Le but de la Commission est large. Il est de protéger les victimes des conflits armés en obtenant le respect des principes et des règles de droit international applicables dans les conflits armés. La Commission est notamment compétente pour

  1. Enquêter sur tout fait prétendu être une infraction grave au sens des Conventions et du Protocole ou une autre violation grave des Conventions ou du Protocole,
  2. Faciliter, en prêtant ses bons offices, le retour à l'observation des dispositions des Conventions et du Protocole.

La Commission a cette compétence si les Etats parties à la procédure ont accepté sa compétence en déposant les déclarations appropriées. Dans un tel cas, aucune autre manifestation du consentement n'est nécessaire pour fonder la compétence de la Commission.

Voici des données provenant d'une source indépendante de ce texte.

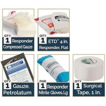 North American Rescue Individual Aid Kit NAR Compact First Aid with Compressed Gauze, Petrolatum Gauze, ETD, Gloves, Surgical Tape (85-0404)

De même, dans d'autres situations, la Commission peut ouvrir une enquête à la demande des Etats aux conflits, mais uniquement avec le consentement de l'autre ou des autres parties intéressées. Dans ce contexte, la Commission a fait part de sa volonté d'enquêter sur les violations alléguées du droit humanitaire, y compris sur celles qui surviennent dans des conflits armés à caractère non international, aussi longtemps que les parties au conflit y consentent. De plus, elle a exprimé sa conviction qu'il est nécessaire de prendre toutes les initiatives appropriées, le cas échéant en coopération avec d'autres organismes internationaux, en particulier avec les Nations Unies, pour exercer ses fonctions dans l'intérêt des victimes de conflits armés. Cette conviction est partiellement fondée sur les articles 89 et 1er, paragraphe 1, du premier Protocole additionnel et sur l'article 1er commun aux Conventions de Genève. En considération des spécificités du droit international humanitaire, il pourrait paraître approprié que le Secrétaire général, le Conseil de sécurité ou l'Assemblée générale des Nations Unies, par exemple, demandent instamment aux parties de donner leur consentement, et que le Conseil aille plus loin et exige qu'une enquête soit effectuée aux termes du Chapitre VII et de l'article 103 de la Charte des Nations Unies.

Lisez plus sur la compétence de la Commission et ses bons offices.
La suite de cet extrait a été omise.